It’s August, and the window of opportunity has passed for planting tomatoes, peppers and most types of beans. However, if you have an empty space in your garden and you’re itchin’ to fill it, there are several veggies that will do just fine.
Your growing zone does matter, however, and you face a challenge if winter comes early in your area. Read seed packets carefully to determine if you can harvest a crop before Jack Frost makes his first appearance.
Look for quick-maturing varieties with shorter growing seasons. The cultivar name will often give you a clue, and may include words such as “early” or “winter.”
1. Cucumbers have plenty of time to produce an abundance of fruit when planted in August. Look for fast-growing varieties, either bushes or vines.
2. Kale is a cool weather crop that can be planted now for harvest in fall and winter.
3. Lettuce planted in early- to mid-August provides a delicious fall crop. In late August, plant varieties such as “winter gem” or “arctic king” for harvest in late autumn or early winter. Plant lettuce in a shady location if days are still hot. Mulch plants or protect them with a row cover in the event of cold snaps.
4. Spinach is ready to harvest in about 45 days, but you often can enjoy tender, flavor-rich, baby leaves in less time than that. Harvest the leaves at the base of the plant and the smaller leaves will continue to grow. You can enjoy spinach this way for several weeks, or until the plants are nipped by frost. Although spinach prefers cool temperatures and light shade, it will tolerate sun when daytime temps are cooler.
5. Baby arugula is ready to eat in 21 to 40 days. Toss the tender leaves in salad, sprinkle them lightly with vinaigrette and grated parmesan, or chop a few for your favorite pizza. The flavor is more mild and delicate than mature, full-size arugula.
6. Radishes are good eating in about a month, and some types are ready to harvest as soon as three weeks. Look for standard spring radishes like “cherry bomb” or “crimson Giant,” or try winter radishes such as “black Spanish,” or “winter China rose” for a very different flavor experience. You can always add the tiny radish greens to salads.
7. Endive is a frilly salad essential that loves cool weather. Most varieties need at least 45 days, and some may require a couple of months, so check those seed packets.

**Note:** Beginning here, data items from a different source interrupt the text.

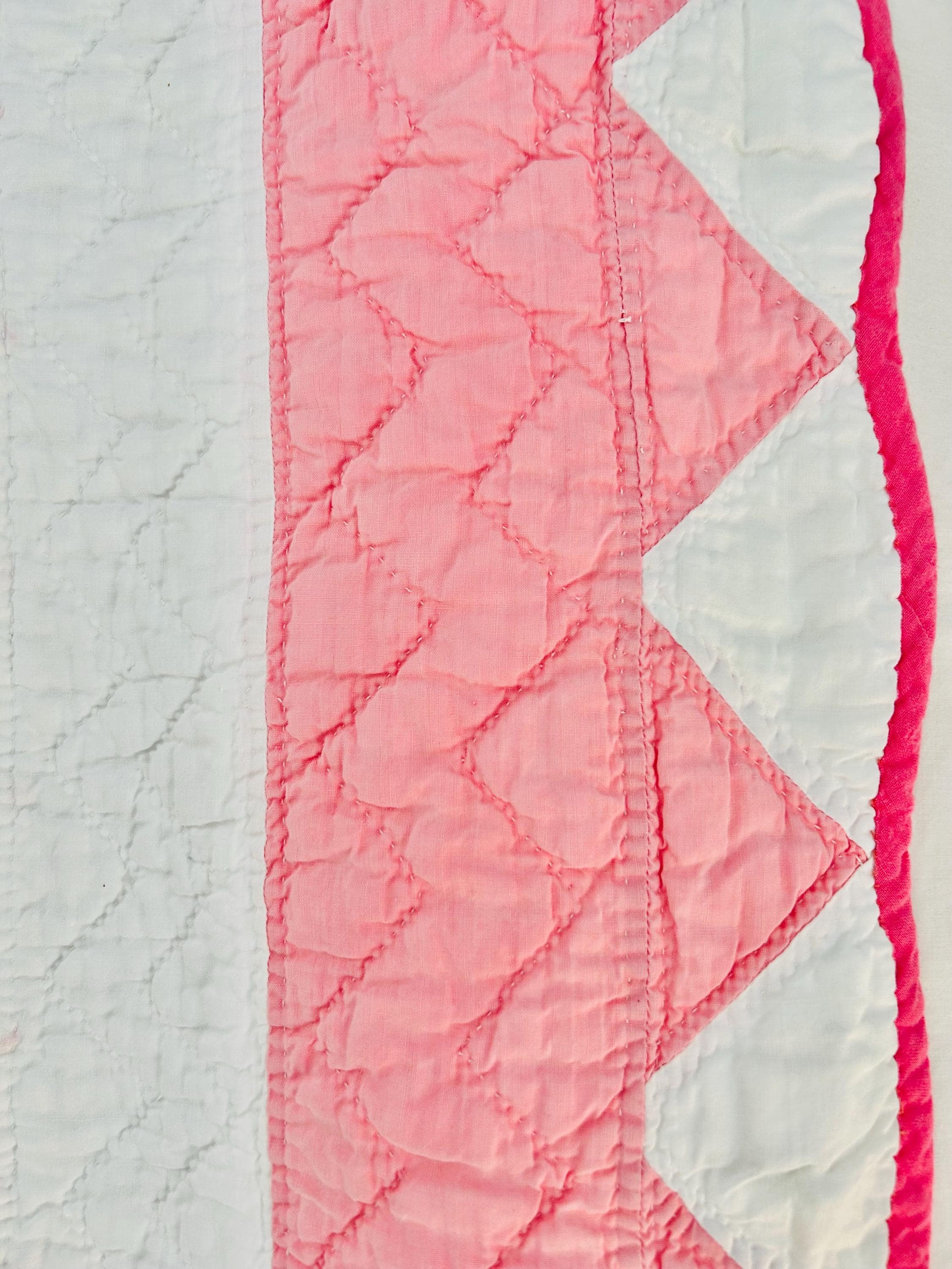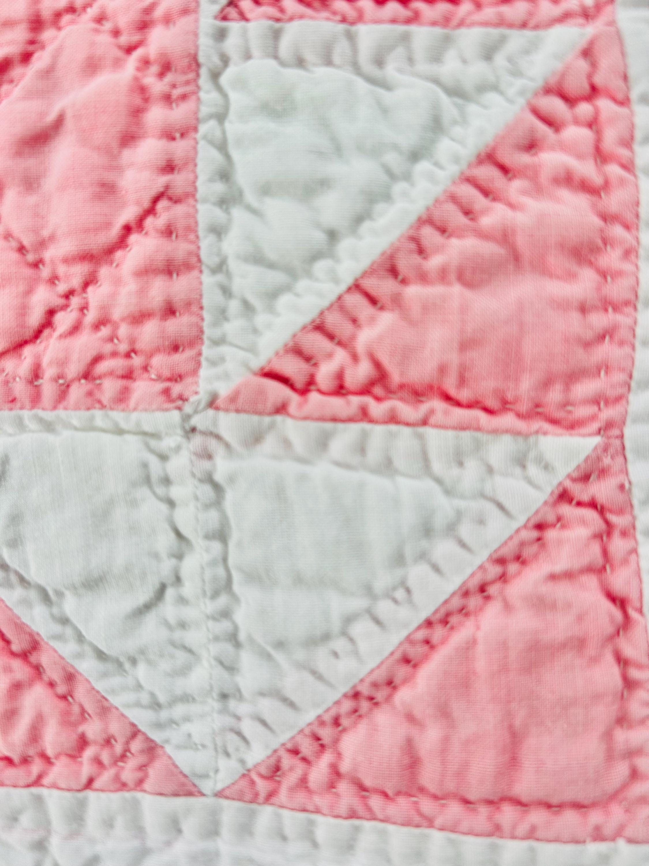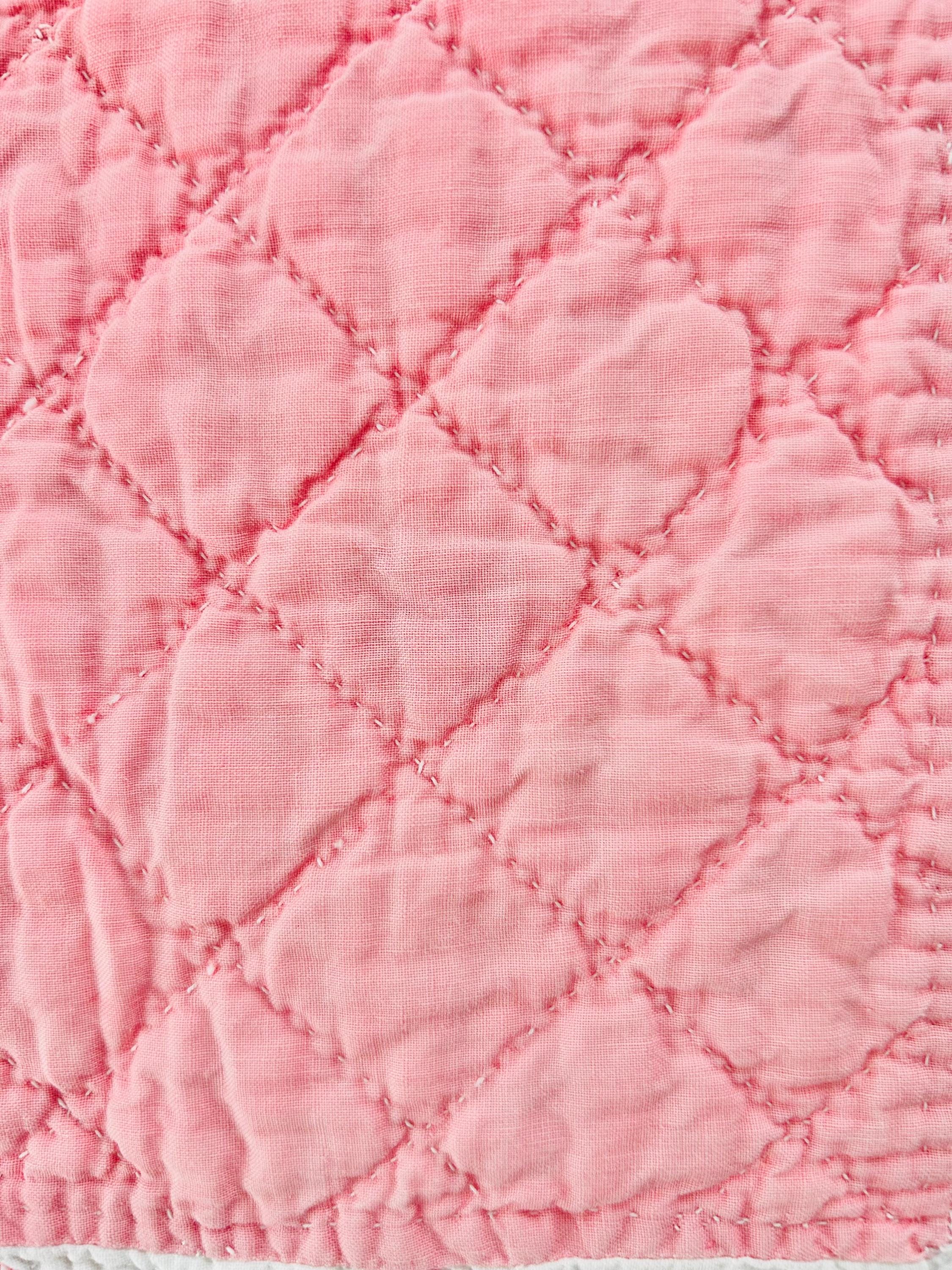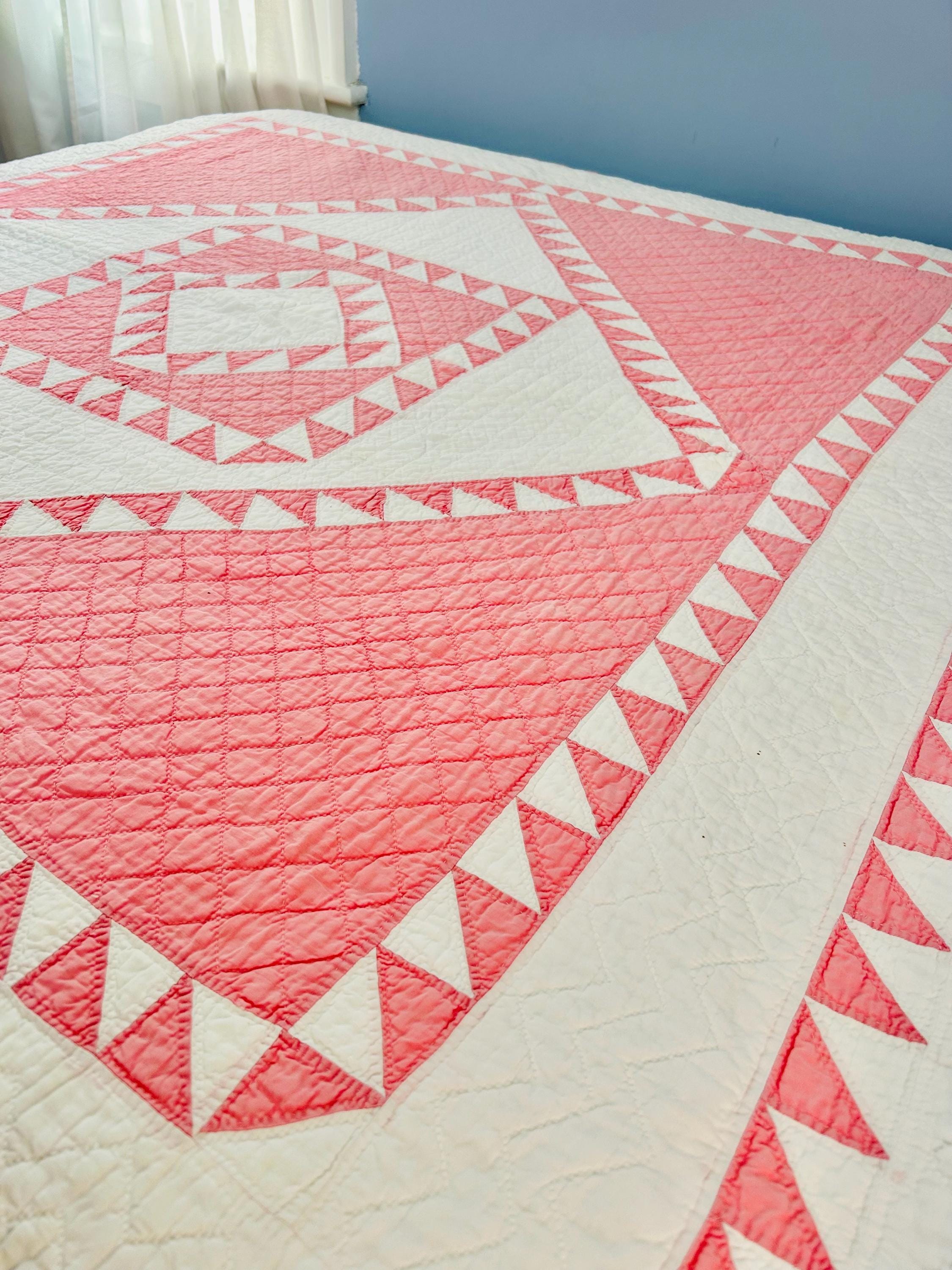 Details • Pattern: Delectable Mountains • Date: c. 1920s–1930s • Size: 79” W x 80” L • Fabrics: Cottons, including double pinks • Construction: Hand pieced and hand quilted • Colors: Double pink and white • Backing: White cotton • Condition: Excellent antique condition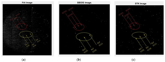 To validate the accuracy of the SBOIS to a readily available commercial product such as STK-EOIR, a comparison study using the identical orbital parameters in both simulators was conducted. Images taken by FAI on 15 June 2019, 23:35:50 to 23:36:15 were simulated. This time period was chosen to capture the first sighting of the RADARSAT Constellation Mission (RCM) spacecraft after they were launched on 12 June 2019. Their distinct formation of three spacecraft, combined with other reference stars within FAI’s field of view help not only in determining the pixel locations but also in identifying and correcting for potential lens distortions since it forms a geometrical shape rather than a single data point. Three stars from the Bright Star V5 catalog—#6111, #6158, and #6195—were used as references to prevent errors caused by discrepancies in the simulation of the attitude of the observer spacecraft CASSIOPE. They were chosen for their unique in-line formation that is almost parallel to the RCM formation during the observation period used in this study.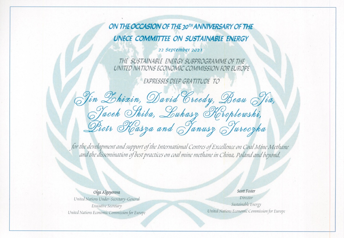 The 30th Anniversary Session of the Committee on Sustainable Energy of the United Nations Economic Commission for Europe (UNECE) was held in Geneva from 22 to 24 September 2021. During the session, UNECE Executive Secretary Ms. Olga Algayerova honored a group of experts from Poland and China for their outstanding work on behalf of the Committee and the International Mine Methane Centers of Excellence.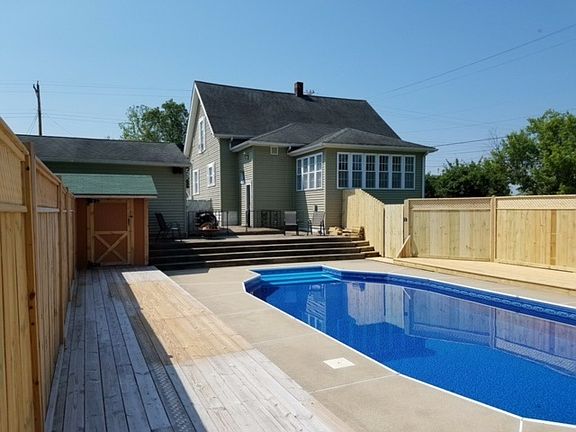 Charm-filled, three bedroom home with two car detached garage and inground pool offered for only $155,000! Just in time for summer, the new pool liner sets off the water sparkle and the brand new privacy fence and poolhouse are definitely added features to this home! Unfinished storage basement provides easy access to stored goods, added attic insulation and programmable thermostat reduced electric expenses, and new water heater and water softener improve the water quality and temperatures. Brand new carpet, fresh paint, laminates in the living room with built-in corner cabinet make this move-in ready house a great home. You'll love the huge closets upstairs, one being 20x6 and another one 10x5! The fully equipped kitchen also comes with 5 bar stools. (exclude portable w/d belonging to housesitter).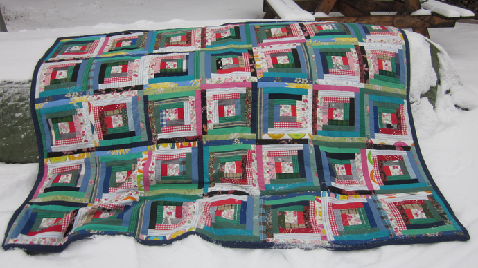 Men nu hade mamma kommit på att jag börjat sy lapptäcken så hon kom över med två stora kartonger med sina tygrester och det blev följande täcke.

8. Beets love cool weather and tend to do well when planted six to eight weeks before the first average frost date in your area. If you’re short on time and cold weather comes early, harvest the beets when they’re as small as an inch in diameter. Keep in mind you can always harvest beet greens even sooner. For a change of pace, try a beet with maroon or blood red leaves, such as “bull’s blood.” The leaves are tender and juicy, and the color adds real zing to your salads.
9. Collards generally take 60 days to gain maturity, but the tender baby greens are ready much sooner. Similarly, mustard greens are ready for salads in about 45 days or less.
10. Turnips may sound like an unlikely success story for August planting, but varieties such as “Tokyo cross” and “market express” are big enough to eat in just 35 to 38 days. If frosty weather looms, grab a few of the tender greens. Turnips may be bitter and less than perfect in hot weather, but cooler temperatures mean sweet, mild turnips.